The commercial and critical reception of AMC/RTÉ co-production series Kin (2021) indicates both the enduring popularity of crime-drama series more generally, and the indelible mark left upon Irish television by the enormous success of RTÉ’s earlier gangster-drama series Love/Hate (2010-2014). Any domestic Irish crime drama released in the wake of Love/Hate’s ascension to the level of appointment viewing seems doomed to being repeatedly discussed only in reference to its predecessor: indeed, Kin, despite being described by critics as “generally disinterested in the clichés of Irish gangster drama – some of them established by the broadcaster’s own Love/Hate a decade ago” (Power 2021b, np.), Kin is referred to as being “like a gloomier Love/Hate” (Power 2021a, np.), either a “modern day Love/Hate or a terrible knock off” (Limerick Voice 2021, np.) and “a D4 version of Love/Hate” (O’Loughlin 2021, np.).
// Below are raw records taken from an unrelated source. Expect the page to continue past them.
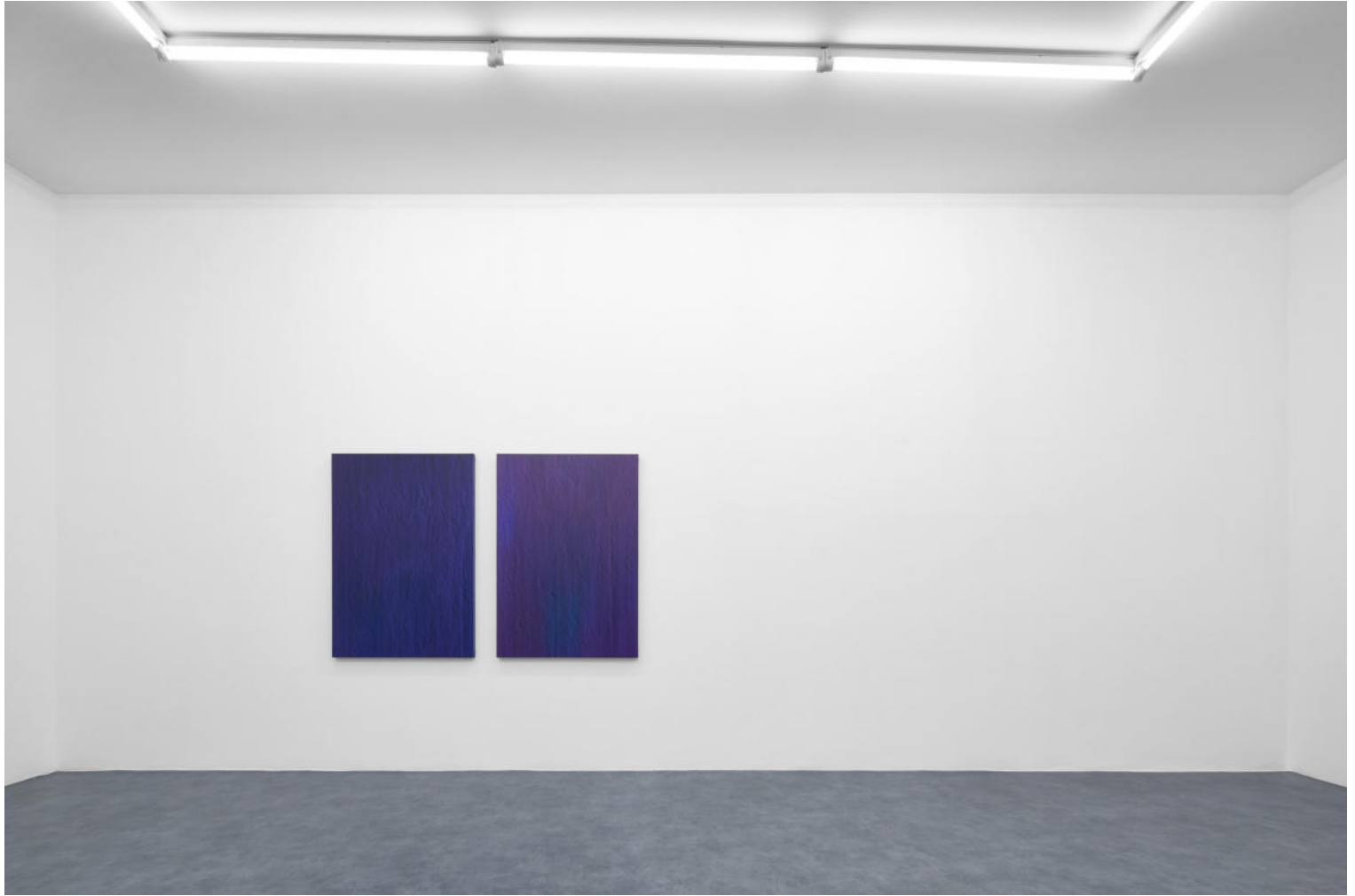
Hermann Bergamelli, Valgua, A+B Gallery, 2023, exhibition view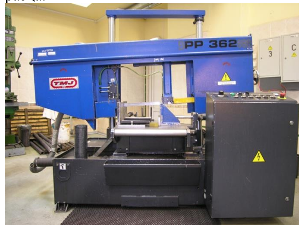
Рисунок 1. Общий вид ленточнопильного станка TMJ PILOUS PP 362

Специалистами трубной лаборатории было разработано и изготовлено специальное приспособление для крепления патрубков в ленточнопильном станке, которое устанавливается на горизонтальный стол пилы. Приспособление обеспечивает надежную фиксацию патрубков различных типоразмеров, позволяет передвигать образец в горизонтальном направлении на строго фиксированное расстояние, обеспечивает продольность и параллельность образца.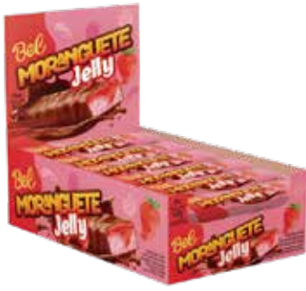
MORANGUETE JELLY 8X18X30G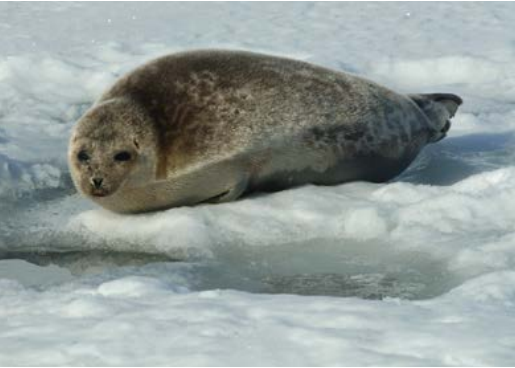
Ringsel på fjordisen i fødetida. Den går raskt i vannet om du kommer for nært.

Ringselen er hyppig å se på fjordisen i kastetida (når den føder) i tidsrommet medio mars-mai. Den er mer sjelden å se på sommeren. Når den oppdages sommerstid er det ofte på isflak nær øyer eller brefronter. Kommer du for nært, slipper den seg ned i vannet. Ofte oppsøker den småbåter av nysgjerrighet, for så å dykke og bli borte når den har sjekket ut inntrengeren.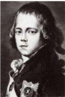
Великий князь Константин Павлович (1779-1831) в детстве.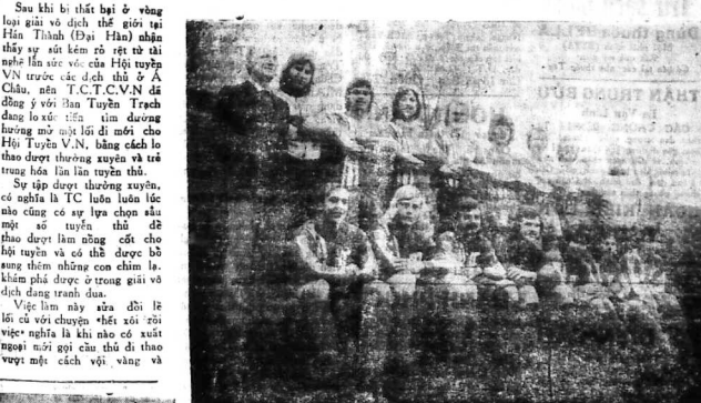
Đội cầu HERTHA (Tây Đức) sẽ sang VN đấu đêm 11-7-78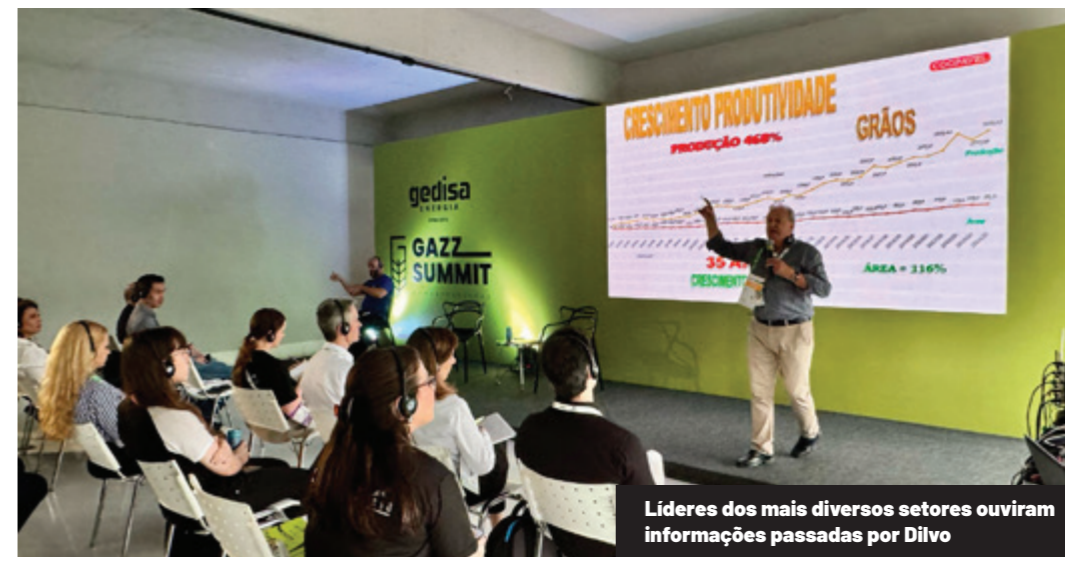
Líderes dos mais diversos setores ouviram informações passadas por Dilvo

O GazzSummit Agro e FoodTechs, promovido pela Gazeta do Povo, busca ser um dos principais fóruns de discussão sobre inovação no agronegócio e no setor de alimentos e bebidas.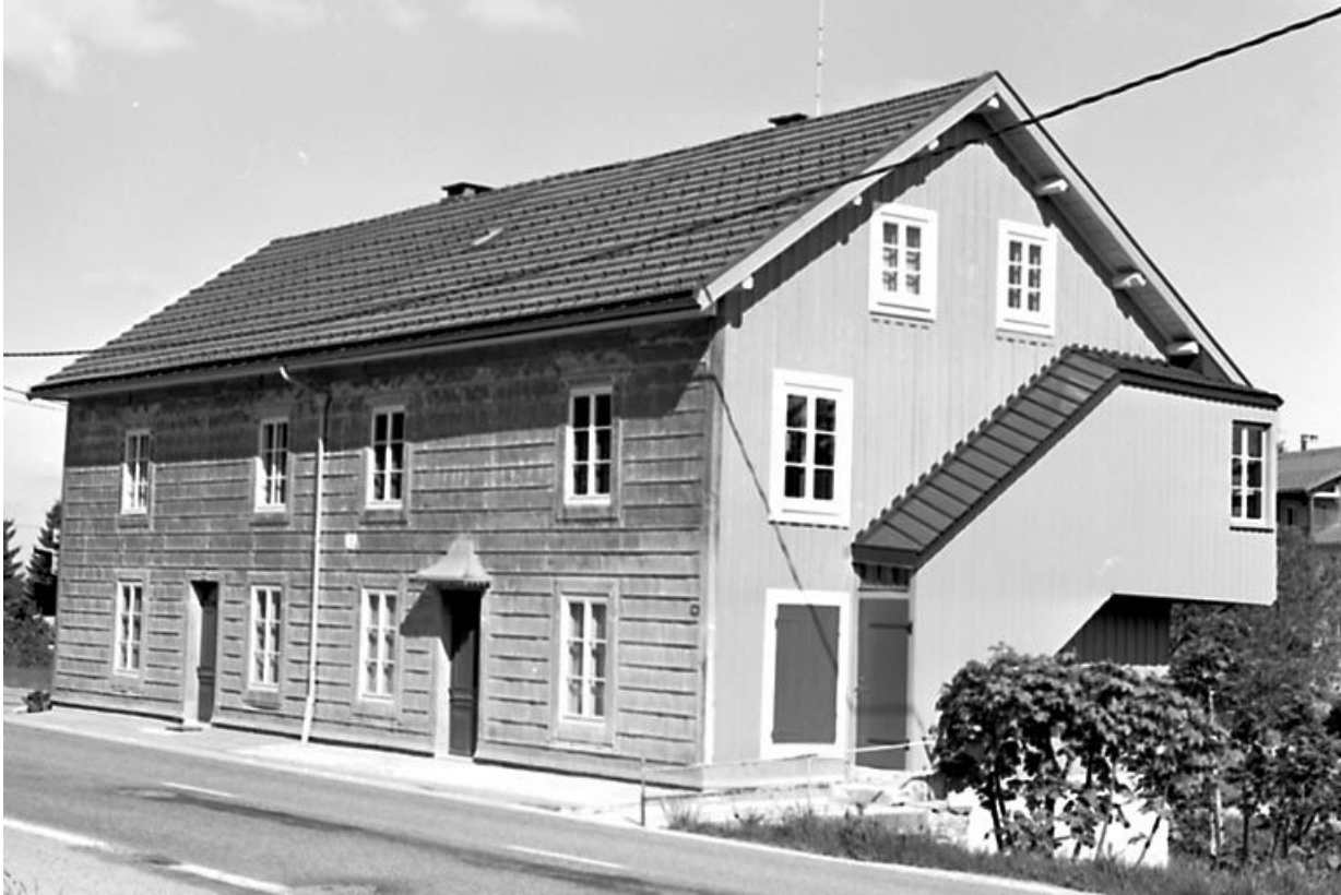
Vue de situation de l'édifice dans la rue.

39, Les Rousses, 501, 509 route du Noirmont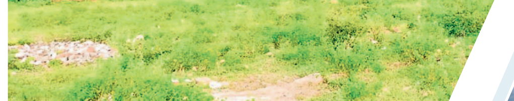
గట్టమ్మ వద్ద ఉన్న గిరిజన యూనివర్సిటీ భూములు (ఫైల్)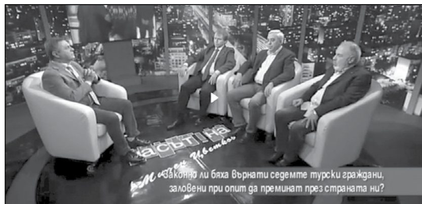
Законно ли бяха върнати седемте турски граждани, заловени при опит да преминат през страната ни?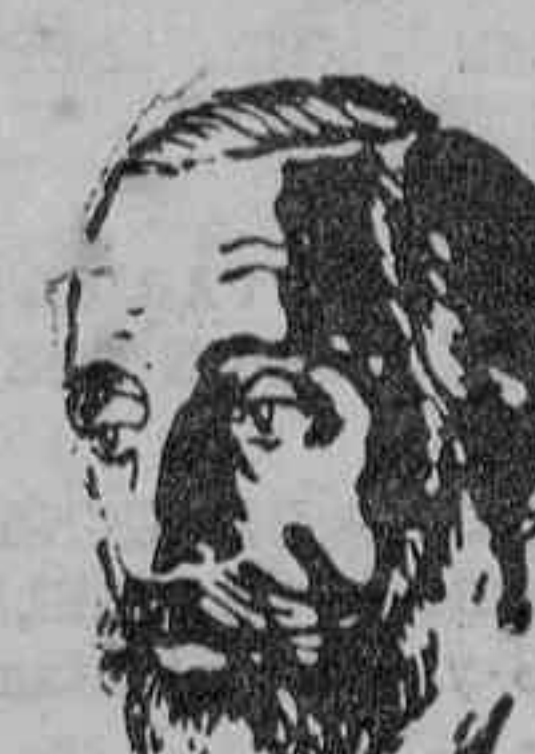
El señor Cambó ha hecho interesantes declaraciones sobre la política que debe seguirse en los actuales momentos.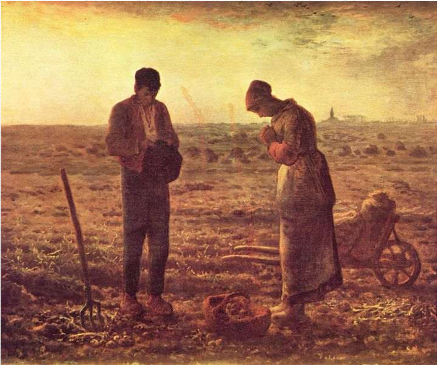
Obr. 8 Jean-François Millet – Anděl Páně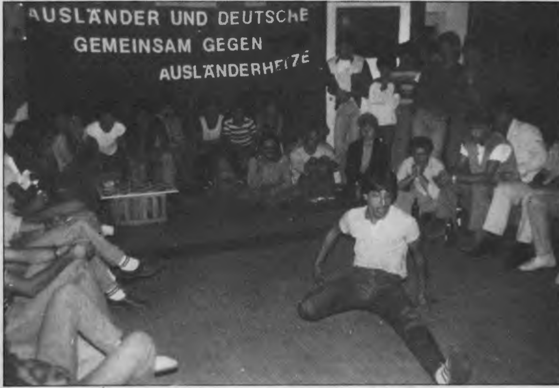
Gençlik eyleminden bir görüntü

Açılış konuşmasını yapan arkadaşımız eğlencenin anlamını anlattı. Gençlik evinin sorumlusu Alman arkadaş da bir konuşma yaparak, bu günün önemini anlattı ve Alman arkadaşların da bizimle dayanışma içinde olduğunu belirterek, bu tür eğlencelerin ileride daha sık yapılmasını diledi. Daha sonra folklor oynanıp, saz çalındı. Ayrıca gençler yabancı düşmanlığına karşı break-dans yarışması yaptı. Elma ve yoğurt

This final comparison, with its specific geographic reference to one of Dublin’s most affluent neighbourhoods is perhaps most indicative of what sets Kin apart from its televisual antecedent. Love/Hate rarely depicted Dublin in a recognisable fashion, focusing instead on a vaguely connected network of anonymous concrete suburbs and identical rows of terraced housing that form what has been usefully termed a “mythological arena” – a non-place whose only recognisable iconography is delivered through “glimpses of Dublin in intermittent fast-edited montages that do not create any sense of place” (McGuirk 2012, 227). While rarely recognisable, what unifies the disparate landscapes depicted in Love/Hate is that all are far from thriving, instead forming a complex tapestry of what Ralf Haekel has described as dysfunctional, declining communities (2019, 85). However, by obscuring the iconography of the city, and expelling its criminals to anonymous suburbs only loosely connected to one another, Love/Hate avoids characterising Dublin more widely as a community in decline, as the dysfunctional criminal families stand apart from the city.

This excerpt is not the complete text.